Theosophy is "derived primarily from the writings" of Blavatsky, however revisions and innovations have also been produced by subsequent Theosophists like Annie Besant and Charles Leadbeater.
Blavatsky claimed that these Theosophical doctrines were not her own invention, but had been received from a brotherhood of secretive spiritual adepts whom she referred to as the "Masters" or "Mahatmas". The Masters
Central to Theosophical belief is the idea that a group of spiritual adepts known as the Masters not only exist but were responsible for the production of early Theosophical texts. For most Theosophists, these Masters are deemed to be the real founders of the modern Theosophical movement.

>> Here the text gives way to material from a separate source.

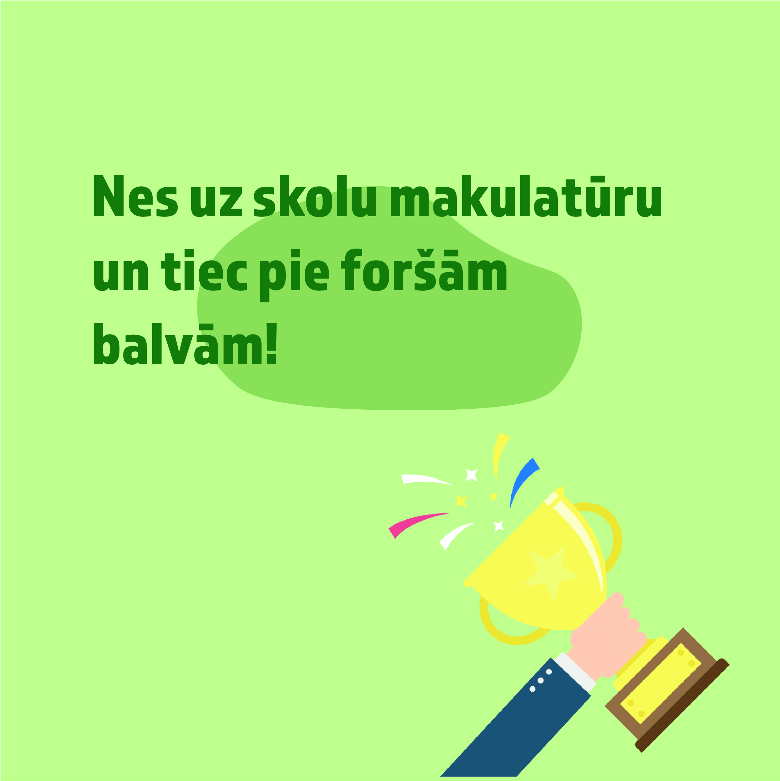 Esi aktīvs, uzrunā un iesaisti grupas biedrus, skolotājus, draugus, vecākus! Nodod makulatūru un tiecies izcīnīt tehnikuma lielo balvu! Balvas būs īpašas – tās neatstās vienaldzīgu nevienu! Sevišķi vērtīgas tās būs pirmo trīs vietu ieguvējiem! Taču šajā akcijā valda olimpiskais princips – balvas iegūs ikkatra grupa!

In Theosophical literature, these Masters are also referred to as the Mahatmas, Adepts, Masters of Wisdom, Masters of Compassion, and Elder Brothers. They are perceived to be a fraternity of human men who are highly evolved, both in terms of having an advanced moral development and intellectual attainment.
They are claimed to have achieved extra-long life spans, and to have gained supernatural powers, including clairvoyance and the ability to instantly project their soul out of their body to any other location. These are powers that they have allegedly attained through many years of training.
According to Blavatsky, by the late 19th century their chief residence was in the Himalayan kingdom of Tibet. She also claimed that these Masters were the source of many of her published writings. The Masters are believed to preserve the world's ancient spiritual knowledge, and to represent a Great White Brotherhood or White Lodge which watches over humanity and guides its evolution.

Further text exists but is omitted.